# 14lb Fireline alternative...braid?



## fisherdan (Apr 17, 2007)

Hi all, It's time to change the 14lb Fireline in my Shimano Catala 401 again but I want to try something different.

Firstly would it be worth going to "real" braid (being 14lb), and will that affect casting in a good or bad way?

I've only had the Fireline and like it's feel at that weight, though it's 20 and 30lb are a bit stiff (keep that on my egg beaters)

So what's as good as or better, comes in grey or something like it, and is cheaper and available online (in 300m lengths)?

Go!


----------



## SharkNett (Feb 20, 2006)

Could be wrong (I quite often am  ), but I thought Fireline was not designed for use on baitcast reels? Has a more oval profile where you want something round.

Doubt you will get great quality lines for much less than Fireline though unless you get find a really good sale. I loaded my overhead with Whiplash which has been on there for couple of years and still looking pretty good. MO Tackle has it for about $40 odd.

The upside if spending a bit more on braids is that they tend to last a little longer before the fading/fluffing starts.

Rob.


----------



## Dave73 (Dec 3, 2006)

Hi Fisherdan, I have used 14lb rapala braid a little and Fins for some time now mainly on spinning reels. I like Fins, no problems casting, knot strength etc, available in 14lb, green or yellow. I will give Tuff Line a go next also, as that is apparently really good. Only bad braid I have come accross is Millenium braid by Platil, couldnt cast it without knotting and I threw it away. I stay away from fused lines like spiderwire and fireline, so cant comment on these.

I picked the Fins up at Rays Camping during their 30% off sales which come up every so often. Better to pay a few extra $ for something you will be happy with and get full use out of. Throwing crap braid away (even the cheap stuff) is expensive.

Cheers Dave


----------



## Eberbachl (Jun 21, 2007)

I've recently tried Fins...seems very good (it's not cheaper though)


----------



## fisherdan (Apr 17, 2007)

Fins hey... I shouldn't have said cheaper, only bought cheap line once before, just looking for a bargain!


----------



## Eberbachl (Jun 21, 2007)

This is the one I bought:

http://www.motackle.com.au/index.cfm?pr ... uct_id=458

I payed a bit more than that locally though


----------



## FletcherG1991 (Apr 17, 2007)

Fireline can be used on baitcaster and spinning reels, the thinga bout that they should only be used on spins is a myth.

If your looking for a Braid, then go for Nitlon, doesn't tangle anywhere near as much as Fins, is alot softer and you will get much better casting distance out of it.
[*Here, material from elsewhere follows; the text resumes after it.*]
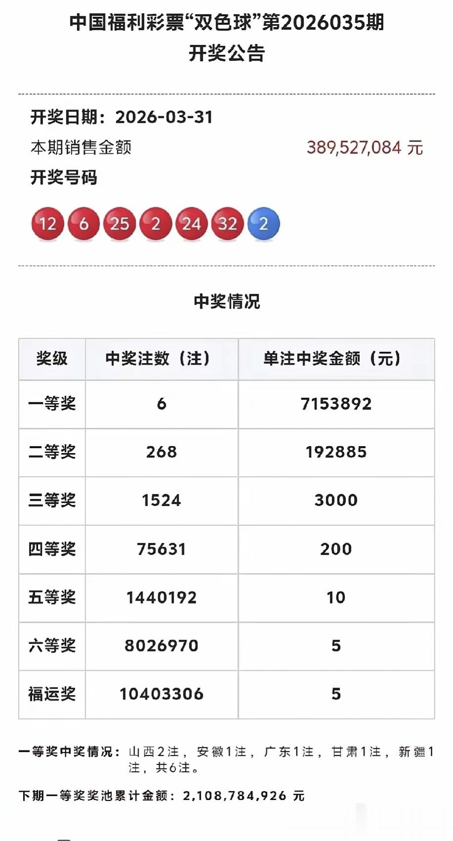 中国福利彩票“双色球”第 2026035 期于2026 年 3 月 31 日晚开奖。本期开出红球号码12、06、25、02、24、32,蓝球号码02。全国共中出6 注一等奖,单注奖金高达715 万余元,下期奖池累计金额超过21 亿元。

Comes in both fluro green and a royal blue kind of colour. About $40 for a 125 yard spool but worth it.

Cheers,
Fletcher


----------



## Allan (Jun 28, 2007)

G'day Fisherdan,

I recently respooled my baitcaster with new braid. After much shopping around I decided to spend a little extra cash to get the optimum casting performance from my reel. I do a fair amount of bass fishing (although I'm living in WA at the moment) so knowing my lure will end up where I want it is vital. I ended up purchasing some Sufix Performance braid. It is a little pricey but it's great for casting as it's round as apposed to the opaque shape of fireline and spiderwire. A more cost effective way of spooling your reel with braid is to lead on with mono first. I usually only have 100m or so of braid to fill the spool on a baitcaster and a little more for a bottom bashing outfit. Something to think about.

Allan


----------



## FishinDan (Jul 3, 2006)

Platypus Super Braid. One of the best lines out there!

Plus it's an Aussie brand :wink: (Puts his little flag away again)


----------



## fisherdan (Apr 17, 2007)

Thanks for all the feedback guys, there's a lot of line out there :? :?

I've ordered some tufline 15lb for 28 bucks and will lay it over some backing and if it's no good I'll send it to Dave73 

Thanks again!


----------



## polylureosis (Jul 24, 2006)

Dan,

I don't think you will be disappointed.

I use Tuff line and Power Pro and both I would say are excellent.


----------



## Dave73 (Dec 3, 2006)

Fisherdan, Where did you find Tufline for that price? 
I think I may have to get some also..


----------



## fisherdan (Apr 17, 2007)

http://www.motackle.com.au/index.cfm?pr=catalogue&category_id=195


----------



## Gunston (May 10, 2006)

I'm trying Spiderwire Stealth.
It's impregnated with Teflon, so it's not so abrasive on your guides.
Picked some up on Ebay.

Chris


----------



## fisherdan (Apr 17, 2007)

Gunston said:


> I'm trying Spiderwire Stealth.
> It's impregnated with Teflon, so it's not so abrasive on your guides.
> Picked some up on Ebay.
> 
> Chris


Bloody teflon, it's in everything! I bet some day some goose puts it in beer to make it go down smoother :?

I'm keen to see how it helps with knots holding though??


----------



## Gunston (May 10, 2006)

Good point about the knots Dan. I haven't used it yet, it was recommended to me by a mate of mine who's judgement in such things I would trust.
Here is his website:
http://www.gcfishing.com/index.html

As for the beer is that a bad thing   

Chris


----------